§ **RECORDS FOR THE TASK**:
——————————

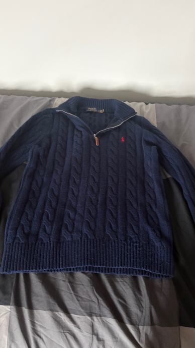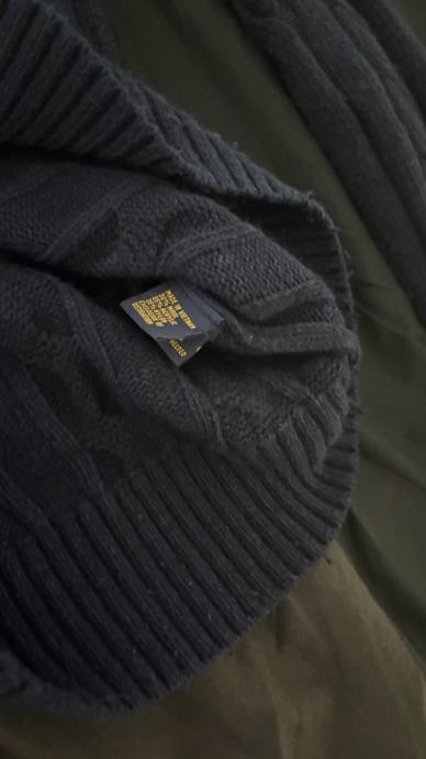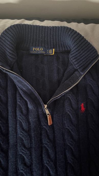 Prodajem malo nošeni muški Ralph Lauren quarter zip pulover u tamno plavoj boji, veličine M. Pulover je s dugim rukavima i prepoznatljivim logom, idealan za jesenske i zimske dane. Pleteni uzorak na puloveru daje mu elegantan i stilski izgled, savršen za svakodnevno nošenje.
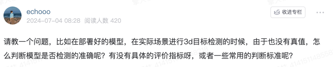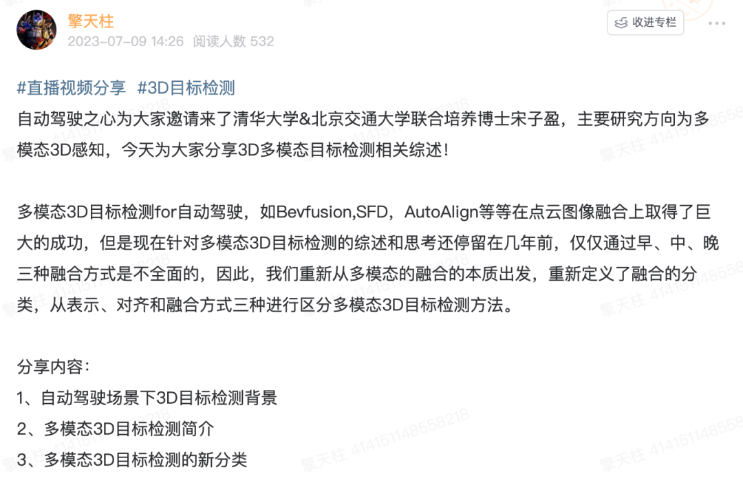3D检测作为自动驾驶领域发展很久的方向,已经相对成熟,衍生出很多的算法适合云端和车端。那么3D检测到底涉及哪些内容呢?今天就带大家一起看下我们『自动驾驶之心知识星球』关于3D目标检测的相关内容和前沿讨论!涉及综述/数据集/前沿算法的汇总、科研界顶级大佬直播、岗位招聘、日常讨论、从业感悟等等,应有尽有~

——————————

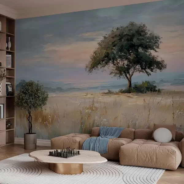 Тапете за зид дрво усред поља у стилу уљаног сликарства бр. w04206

——————————

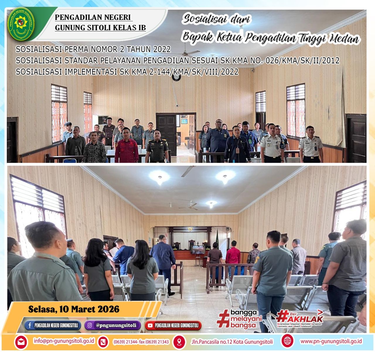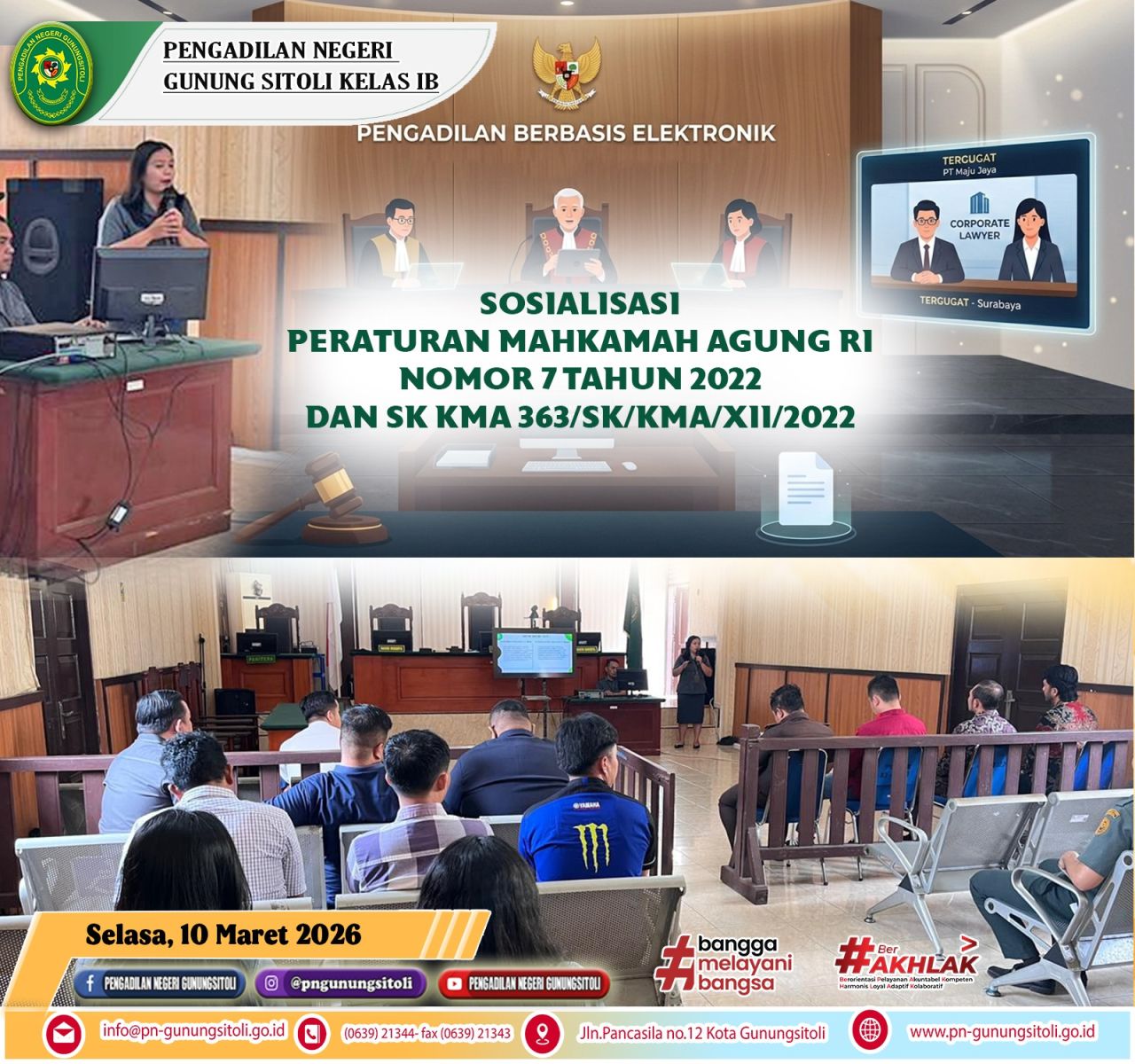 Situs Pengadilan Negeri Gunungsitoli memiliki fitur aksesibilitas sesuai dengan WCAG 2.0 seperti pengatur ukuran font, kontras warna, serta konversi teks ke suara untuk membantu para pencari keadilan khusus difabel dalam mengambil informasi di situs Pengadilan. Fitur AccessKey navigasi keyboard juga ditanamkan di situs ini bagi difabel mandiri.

——————————

§ **PROBLEM REQUIREMENTS**:
Within the listing above, print exactly the stretch beginning at the line that contains "Prodajem malo nošeni" and finishing at the line that contains "3D检测作为自动驾驶领域发展", ends kept, pictures left out, and nothing more.

§ **WRITTEN ANSWER**:
 Prodajem malo nošeni muški Ralph Lauren quarter zip pulover u tamno plavoj boji, veličine M. Pulover je s dugim rukavima i prepoznatljivim logom, idealan za jesenske i zimske dane. Pleteni uzorak na puloveru daje mu elegantan i stilski izgled, savršen za svakodnevno nošenje.
3D检测作为自动驾驶领域发展很久的方向,已经相对成熟,衍生出很多的算法适合云端和车端。那么3D检测到底涉及哪些内容呢?今天就带大家一起看下我们『自动驾驶之心知识星球』关于3D目标检测的相关内容和前沿讨论!涉及综述/数据集/前沿算法的汇总、科研界顶级大佬直播、岗位招聘、日常讨论、从业感悟等等,应有尽有~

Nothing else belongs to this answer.